C’est être le ou la rabat-joie, à qui l’on dit  « tu vas quand même pas me laisser boire tout seul !  » car merde, l’alcool c’est un truc social non ? 

Nous voilà au point central du problème. L’alcool, c’est un lubrifiant social. C’est un masque que l’on porte. L’alcool c’est une injonction. On nous la jette au visage constamment, que ce soit au cinéma, dans les séries, dans l’hypocrisie des pubs qui nous invitent à la modération…

Mais pourtant croyez-moi… quand on a refusé autant de verres que moi, on comprend bien que le souci est ailleurs. 

Quand je refuse un verre, malgré l’insistance à laquelle je peux faire face, c’est comme si je signifiais à l’autre qu’iel a un problème. Comme si ce refus était une accusation déguisée. Et cela… c’est pas si simple à encaisser. Voir une personne refuser de se plier à une convention sociale, cela dérange toujours. Comme si on cassait un contrat moral auquel nous sommes toustes tenu·e·s de souscrire. On se demande “pourquoi non ?” “Si iel dit non, c’est qu’iel doit penser que je fais quelque chose de mal !”… la sensation d’être jugé·e s’installe alors qu’elle n’a pas forcément de réalité. 

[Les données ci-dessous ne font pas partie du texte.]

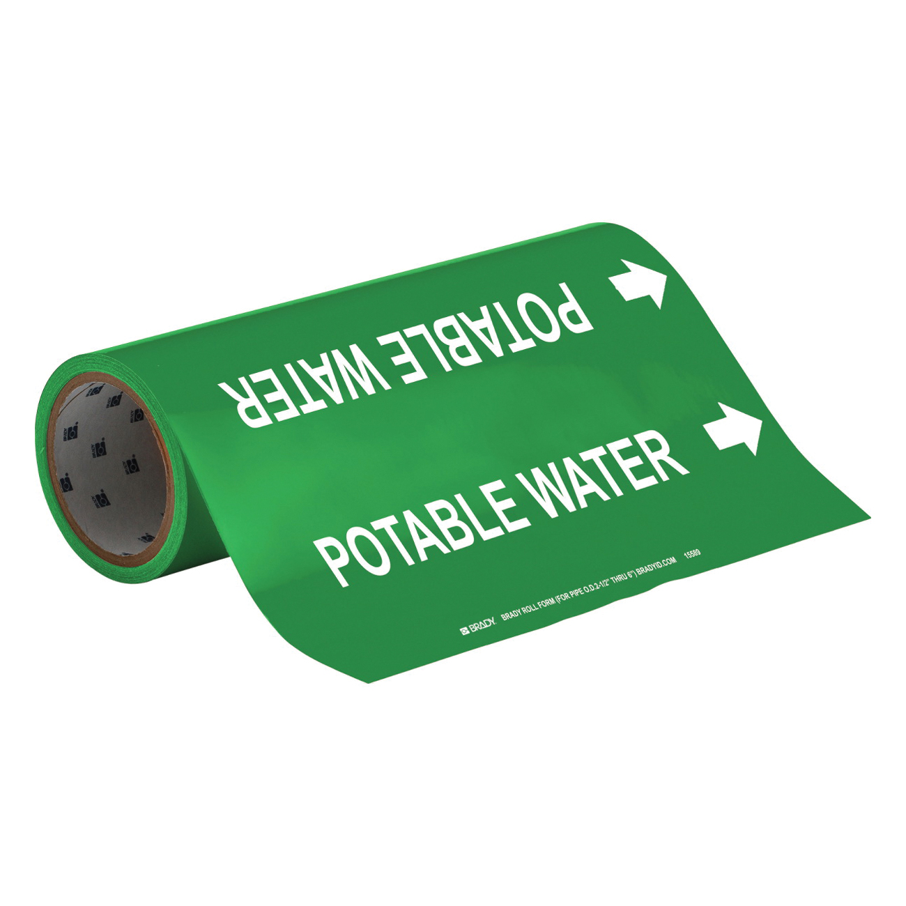 Brady Pipe Marker, Non-Reflective Roll Form Permanent Acrylic, Legend: POTABLE WATER (W/ARROW), White on Green Legend/Background, Fits Pipe Dia: 2-1/2 to 6 in, 30 ft Height, 12 in Width, B-946 Vinyl, Self-Adhesive Mounting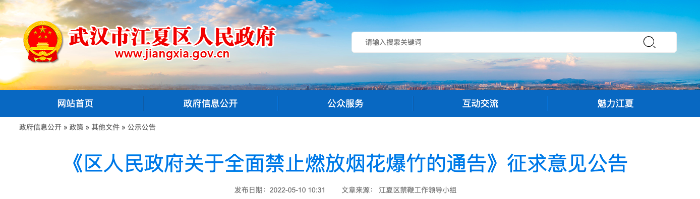 5月10日,武汉市江夏区禁鞭工作领导小组发布公告,对《区人民政府关于全面禁止燃放烟花爆竹的通告(征求意见稿)》(以下简称《通告》)征求意见。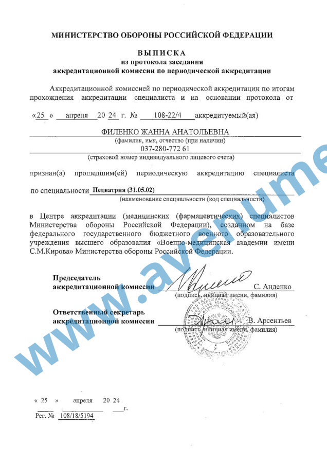 - 2019 г. - профессиональная переподготовка на базе Ростовского государственного медицинского университета по специальности "Педиатрия"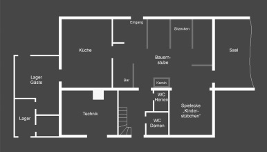 Im Erdgeschoss befinden sich die Gruppenräume. Neben dem großzügen Saal und der gemütlichen Bauernstube können Sie Ihre Kochkünste in der geräumigen Selbstversorgerküche unter Beweis stellen. Die kleineren Gäste finden im Spielzimmer bestimmt eine Beschäftigung. Weiterhin befinden sich Toiletten und ein Lagerraum im Erdgeschoß.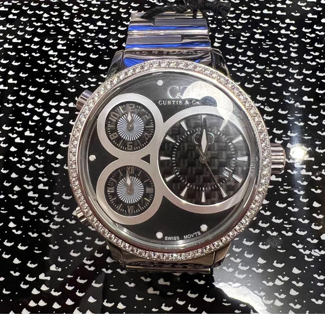 CURTIS & CO diamond bezel wristwatch 57mm quartz limited black men's analog Used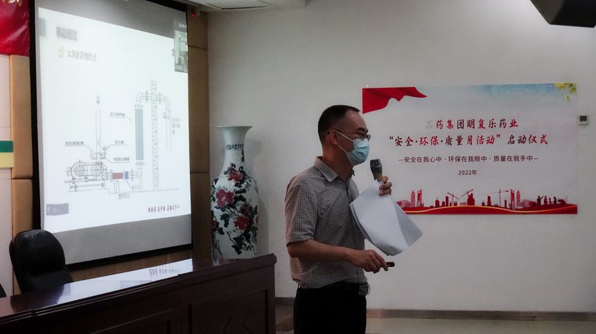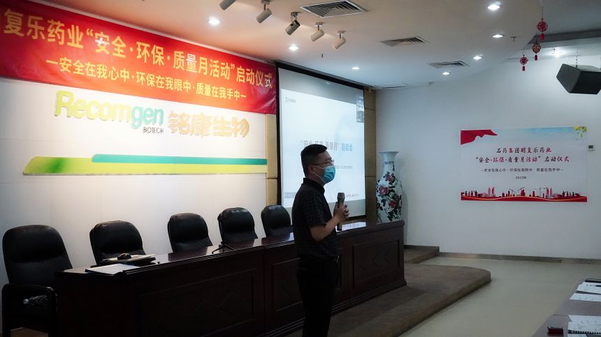 2022年5月9日上午11點,明復樂藥業首屆“安全 環保 質量月”活動在公司A1會議室正式啟動。
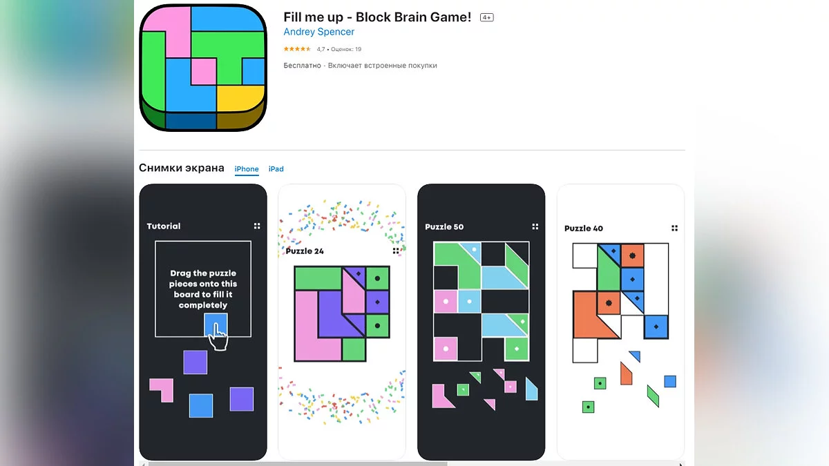 - Fill me up — Block Brain Game! — головоломка, в которой нужно правильно расставлять фигуры (загрузить бесплатно);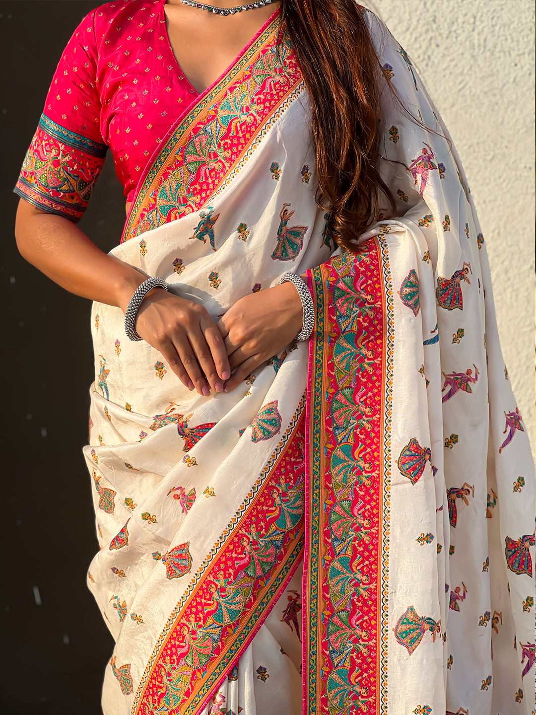 White Pure Viscose Silk Position Printed Traditional Darbari Saree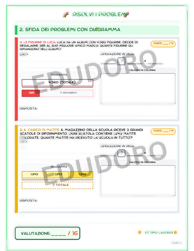 La scheda integra i due pilastri della matematica: il calcolo scritto e il problem solving. Per facilitare il passaggio dal concreto all’astratto, la risoluzione dei problemi è supportata dai Bar Models (Metodo Singapore), utilizzati come facilitatori visivi e strategici. Le operazioni dispongono di un ampio spazio a quadretti (non visibili in anteprima) dedicato per l’esecuzione in colonna; in particolare, le divisioni proposte sono “esatte”, introdotte didatticamente come operazione inversa della moltiplicazione.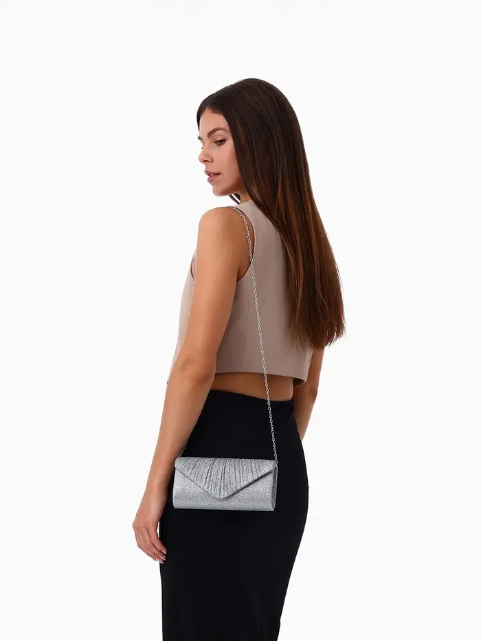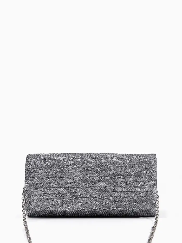 Сумка-клатч вечерняя на магните, на серебристой цепочке, блестящая, серебристая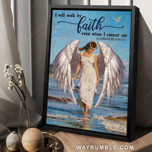 Beautiful girl, Stunning angel wings, Ocean view, I will walk by faith - Jesus Portrait Canvas Prints, Christian Wall Art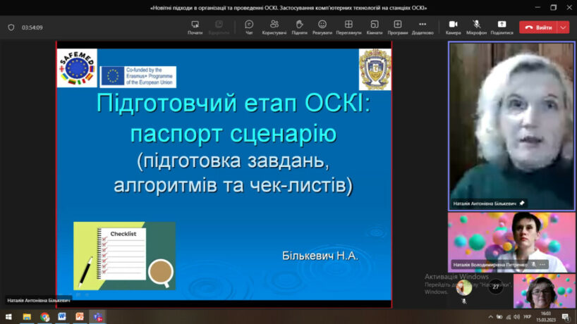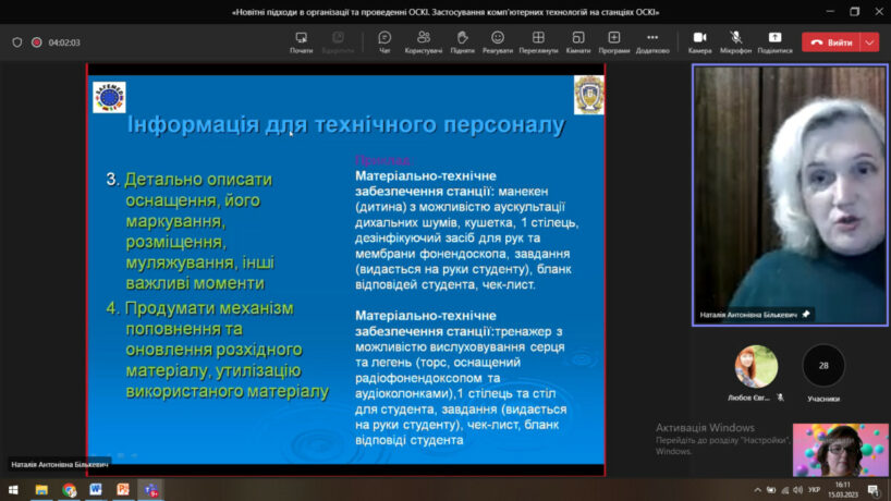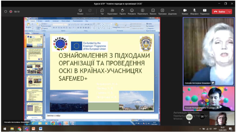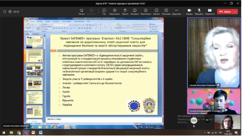 Наталія Бількевич розповіла про досвід проведення ОСКІ в країнах-учасницях проєкту SAFEMED+, зокрема в університеті Сантьяго де Компостела, Іспанія та двох медичних університетах в Єревані, Вірменія. Також вона в деталях зупинилася на етапах підготовки до ОСКІ, акцентувала на необхідності ретельної підготовки методичних матеріалів та клінічних сценаріїв. Учасники мали змогу задавати питання, щоб з’ясувати незрозумілі моменти.

Je ne juge pas vos choix, chacun et chacune est libre de consommer de l’alcool dans les limites qui lui semblent justes. Je n’ai même rien contre les soirées prévues pour être des beuveries, je m’en tiens juste à l’écart. 

Non, ce qui m’ennuie réellement, c’est qu’on remette constamment mes choix en question, qu’on ne demande aucun consentement avant de mettre de l’alcool entre les mains de personnes pour qui cela représente potentiellement un problème, comme si tout cela était normal.

L’alcool doit évidemment rester un choix personnel, n’en faisons pas une obligation à peine dissimulée.

Alors je vais encore sourire tout ce mois en voyant les tournées minérales et autres dry january se multiplier. Je vais soupirer en voyant les commentaires moqueurs qui en résulteront. 

Mais, s’il vous plaît, si votre histoire ou anecdote commence par  « faut que je te raconte, on était complètement défoncés…  » alors épargnez-nous la gêne, à vous comme à moi : elle ne m’intéresse pas et je ne vous écoute déjà plus.